= Deryck Goodwin =

Deryck William Goodwin (28 September 1927 – 12 March 1997) was an English physicist, particularly researching into lasers. In later years he was an Anglican priest.

==Life==
He was born in Lincoln, and was educated at Lincoln School. He studied at the University of Birmingham, where after graduating he completed a PhD.

At the Royal Radar Establishment in Malvern, he investigated indium antimonide as an infrared detector; he built a ruby laser, thought to be the first ruby laser to operate in Britain, and investigated the spectroscopy of possible laser materials.

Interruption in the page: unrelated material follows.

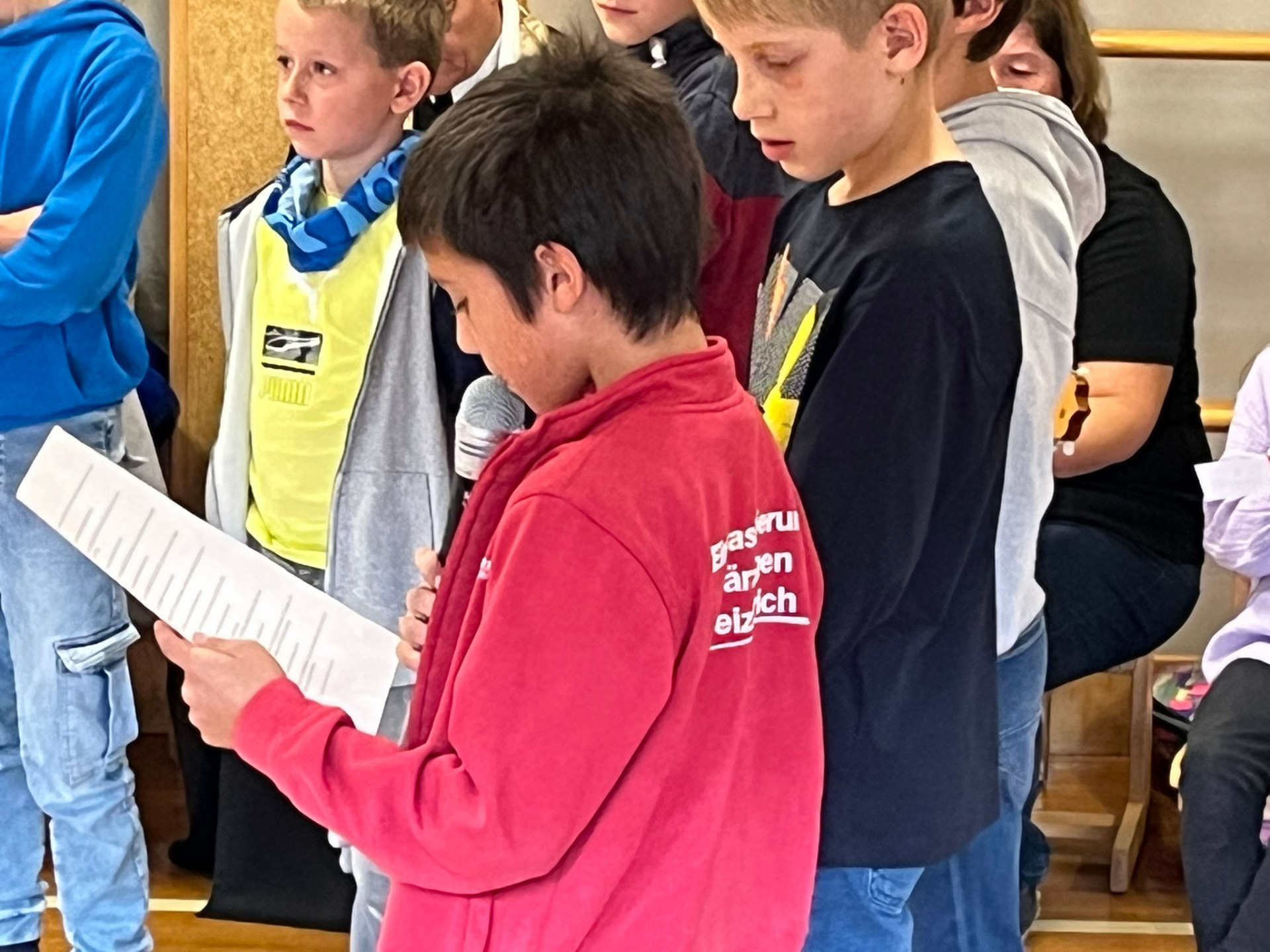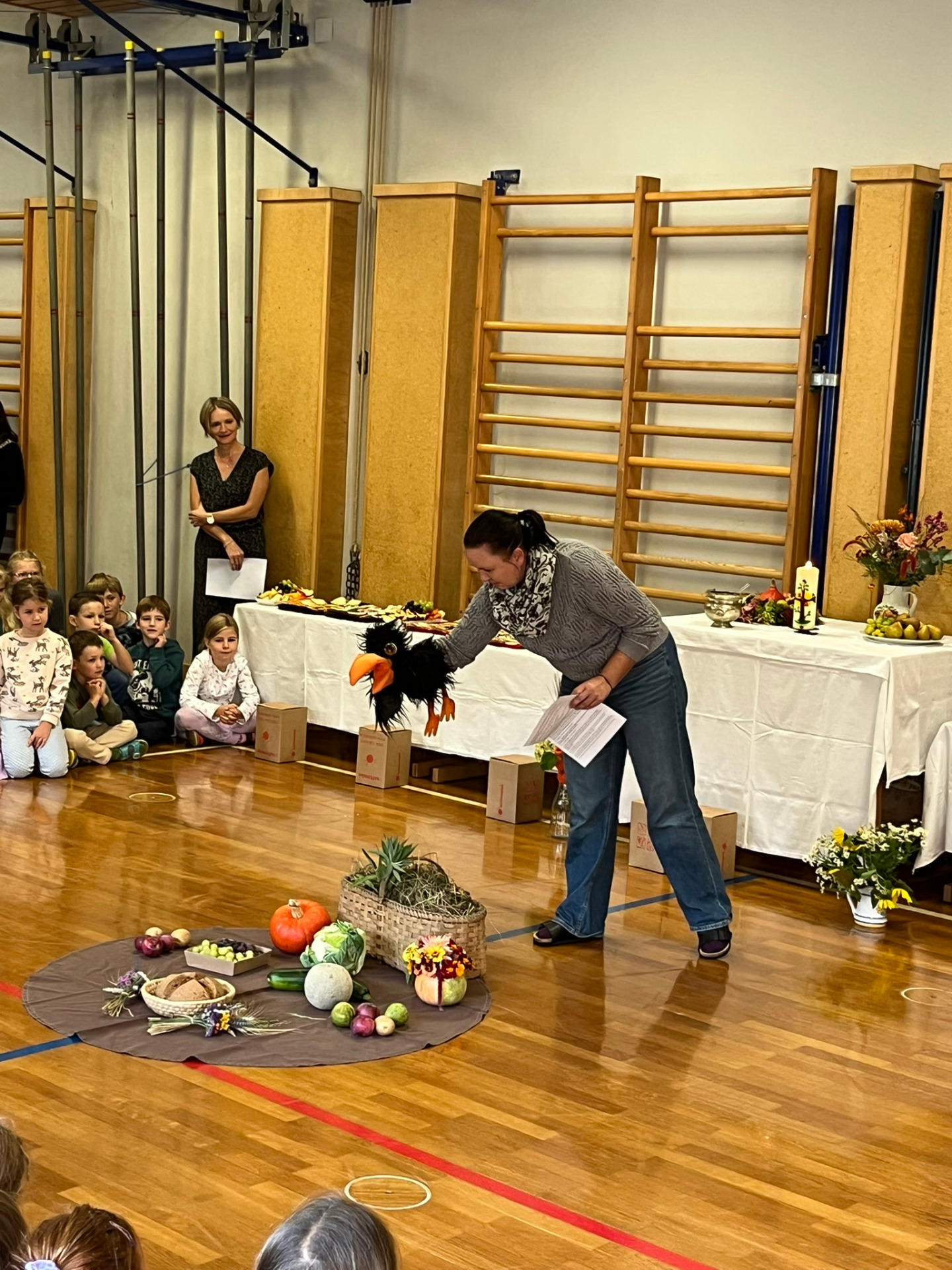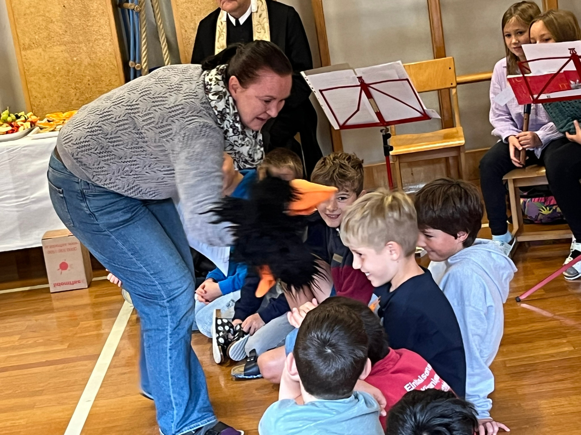 Bei der Feier – vorbereitet von Religionslehrerin Gertraud Handsteiner – freuten wir uns besonders über den Besuch einer Krähe, die Gott zuerst für gar nichts Danke sagen wollte – es gab ja schließlich keine Erdnüsse, ihre Lieblingsspeise! Doch je mehr sie nachdachte, umso mehr Gründe fielen ihr zum Danken ein: Ihre schönen Federn, die saftigen Weintrauben, dass sie fliegen kann …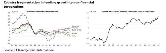 E c’è poco da stare allegri, perché siamo già oggi in modalità di conclamata Europa “a due velocità”. Il primo grafico ci mostra la differenza di impiego dei capitali da parte delle banche europee in fatto di acquisto e detenzione di titoli di Stato: quelle tedesche, ad esempio, nel 2018 hanno scaricato carta sovrana per un controvalore di 100 miliardi di euro, portando la percentuale di detenzione rispetto agli assets totali solo al 3,2%. In Italia, come si vede, il più volte citato doom loop non solo è vivo e vegeto, ma ormai qualcosa di strutturale: le nostre banche sono prestatori di ultima istanza del Tesoro, occorre parlare chiaro. Come, d’altronde, ha fatto – un po’ tardivamente – il governatore di Bankitalia, Ignazio Visco, proprio a poche ore dall’annuncio di nuove Tltro da parte della Bce. Cosa faranno, ora? Continueranno a comprare, operando in tandem con l’Eurotower e il suo piano di reinvestimento dei titoli in portafoglio, di fatto il vero scudo anti-spread che ci vede tranquillamente a quota 240, nonostante dati macro tutt’altro che da applausi? Il secondo grafico, purtroppo, ci offre la risposta: lo spread nel livello di prestiti erogati alle imprese non finanziarie da parte delle banche tedesche e francesi rispetto a quelle italiane e spagnole giovedì scorso ha toccato il suo massimo record.

He joined the academic staff of the University of York soon after its establishment, and helped to set up the undergraduate and postgraduate programmes in physics. He continued his research into lasers, investigating materials for lasers, and possible applications. He wrote articles in newspapers and magazines about laser technology and its importance outside scientific research.

Goodwin was ordained as an Anglican priest in 1978, and for nine years was a non-stipendiary curate at Elvington, near York. He retired from the university in 1986, and became vicar of Burton Pidsea, near Hull. He was afterwards rector of Middleton with Newton, Levisham and Lockton in North Yorkshire, until retirement in 1994.

He advised about the lighting of churches, and set up Goodwin Lighting, a voluntary consultancy. The service, initially in the Diocese of York, spread beyond the region and included Lincoln Cathedral, Westminster Abbey and Fountains Abbey.

Goodwin died of cancer in 1997, aged 69. His wife Joyce née Lumley, whom he married in 1988, died in 2013.